И так, подняв над головой меч, ты пошел в толпу.
Расступались пред тобой, кричали: «Князь! Всеслав! Наш князь!» На хорах запели «Богородицу», и — звон во все колокола! Шел ты впереди, следом Купав, еле поспевал, обсказывал все. Вышел ты, с тобой дружина, подвели коня — каурого и со звездой — вот, в руку сон!.. подали кольчугу, щит, шлем. Помчались вскачь — Клов, Берестов, Печеры, — и сшиблись, и погнали, прижали к берегу и перебили весь дозор, и стали, и рубились, а Степь все шла и шла, Днепр запрудили. «Йй-я! Йй-я!» — кричали и визжали, и лют был смертный пир. Все рубил, рубил без продыху, и лег бы да лежал — топчите, рвите, да не лег, откуда только брались силы,
А Изяслав, не потеряв своей головы, бежал, сел у ляхов в Гнезно, там и сыновья его — Мстислав, Святополк и Ярополк. А Всеволод ушел и затворился в Курске, при нем младенец Ростислав, а старший, Владимир, сын покойницы гречанки, царевны Мономахини, — в Ростове. Один лишь Святослав как был в Чернигове, так и сидит, и сыновья при нем, все пятеро. Степь, отбежав от Киева, подалась к Лукоморью. И только, говорят, курень Гулканов не унялся, а, миновав Десну, пришел под Сновск. Там их черниговцы и встретили, и порубили, и погнали, да только невелик почет побитых добивать — так и сказал ты, князь, на вече. И смеялся. И люд вместе с тобой смеялся. А тысяцким был выкрикнут Истома Острогляд, муж крепкий, из Свенельдичей. Пусть так! Им, градским, лучше знать, кого кричать, им под Истомою ходить, не князю. А что шипят про то, что все не по обычаю, при Изяславе-де такого не было, тот-де не так рядил, — пускай себе шипят. А где ваш Изяслав? И терем его каменный как был пожжен, пограблен да порушен, так и стоит. И будет таким стоять! Великий князь Всеслав в нем жить не будет. Он пришел по прадеду Владимиру, и сидит в тереме Владимира, и ходит в Десятинную, а не в Софию. От Десятинной благодать пошла, не от Софии, в ней пусть Георгий служит. В Софию с той поры ты, князь, лишь раз и заходил, и никого с тобою не было, так повелел, один ходил, молчал, искал, нашел и, руку положа на саркофаг, долго стоял и слушал сам себя, но ничего в своей душе ты не услышал, и даже зверь молчал… Зверь! В храме! Господи! За что?! И кто я, Господи? Волк, человек?! Да только тишина в храме, мрак, рука дрожит на саркофаге, а под рукой твоей спит Божий раб, брат деда твоего, брат твой, ведь так он говорил? Так, так воистину, ведь вы с ним одна кровь, оба Рогнедичи. Ну, коли так, ступай себе, Феодор, не томись, на все есть Высший Суд, и никому от Его гнева не укрыться. Ступай, ступай.

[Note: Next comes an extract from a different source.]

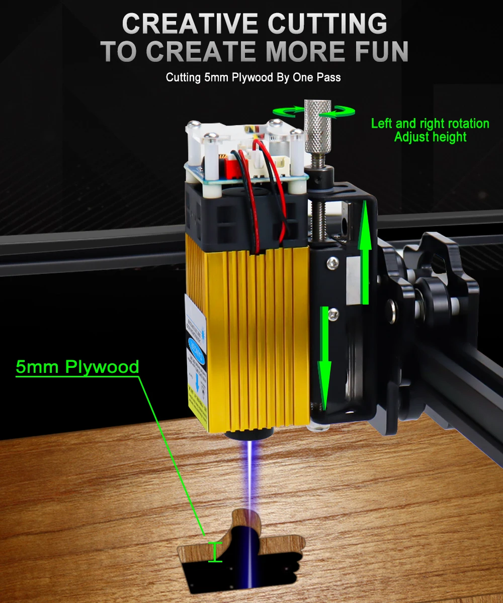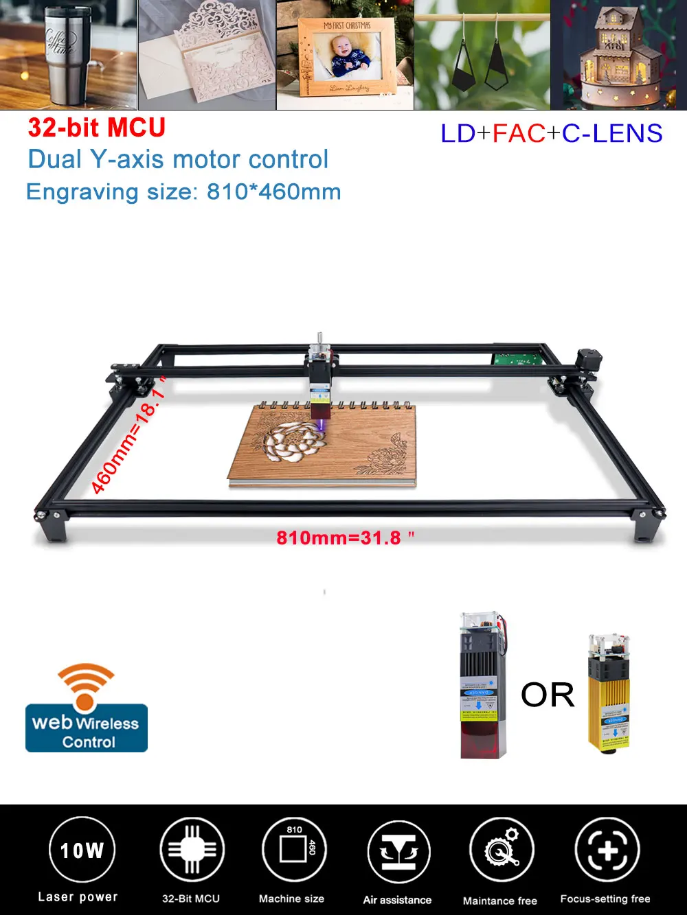 Конструкция из алюминиевого сплава и акрила делает машину более прочной и улучшает точность гравировки. Вся конструкция предназначена для быстрой сборки, и сборка обычно может быть завершена в течение 10-20 минут.

Ушел. И больше никогда уже не приходил, даже когда на Болеслава выступал.
Но то случится когда еще, весной! А нынче осень на дворе. И ты, Великий князь, сидишь в светлой гриднице на Отнем Месте. Сей стол, еще Владимиров, покоится на четырех индрик-зверях, из желтой кости резанных, а за спиной — сокол Рюриков из червонного золота крылья воздел. А Константин, ромейский царь, велел себе такой престол устроить, чтоб «был он десяти локтей, чтобы двунадесять златых лютых зверей на шести ступенях сюду и сюду лежали, и чтобы звери те, вставая, рыкали, коль кто к престолу приближается, и чтобы вкруг престола древеса стояли, и чтобы древеса те были златокованны, и чтоб на древесах седяху же златые птицы, и чтобы птицы те пречудно воспевали песни медвяные…» И как им Константин велел, так и было, ибо кто есмь человек? Хитр суть! И многокознен — чего и бесу не удумать, то человек тотчас изобретет.

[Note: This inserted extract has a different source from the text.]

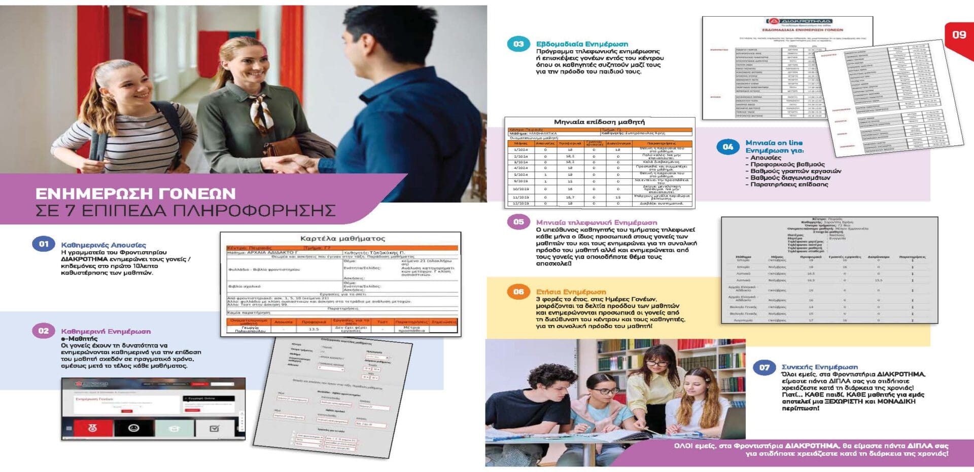 - Ηλεκτρονικές καρτέλες αποτυπώνουν ανά δίωρο μαθήματος την επίδοση του μαθητή, ανά ημέρα προσέλευσης του στο φροντιστήριο, (με αναλυτική βαθμολογία σε προφορικά, γραπτά, test και διαγωνίσματα, μαζί με τα σχόλια των εκπαιδευτικών για την πρόοδο και τις απουσίες του μαθητή), οι οποίες είναι συνεχώς διαθέσιμες στους γονείς και κηδεμόνες των παιδιών.

А начиналось-то все как! Пришел, одолев Секала, и был почестей пир, каких Киев давно уже не видывал. Семь дней праздновали. Пятьсот вар меду было выпито, несчетно гривен роздано убогим. Везде столы расставлены: и в теремах, и во дворе, и на торгах — на Бабином, на Подоле, на Ввозе, и по улицам. Все по Владимиру, по прадеду! И так же по Владимиру меды, хлеба, дичину, яства всякие валили на телеги и везли, и вопрошали люди княжие: «Где сирые, недужные?!» Вот как! Ибо, давая сирому, вы Господу даете. И давал. И так и судил: не казнь, но виру налагал, а кому вира — половинил, и воспретил испытывать водою и огнем, ибо кощунство это, не по-христиански, и на поток не отдавал, рук не рубил — и тишь по Киеву, и благодать, и изобилие на всех семи торгах, и храмы — восемь сороков, большие, малые, тесовые и златоверхие — тебе, князь, пели «Многолетие», а стены неприступные, а валы крутобокие, да и кому, князь, на тебя идти, коль сторожа по самый Вороскол Степи не видели?! Но…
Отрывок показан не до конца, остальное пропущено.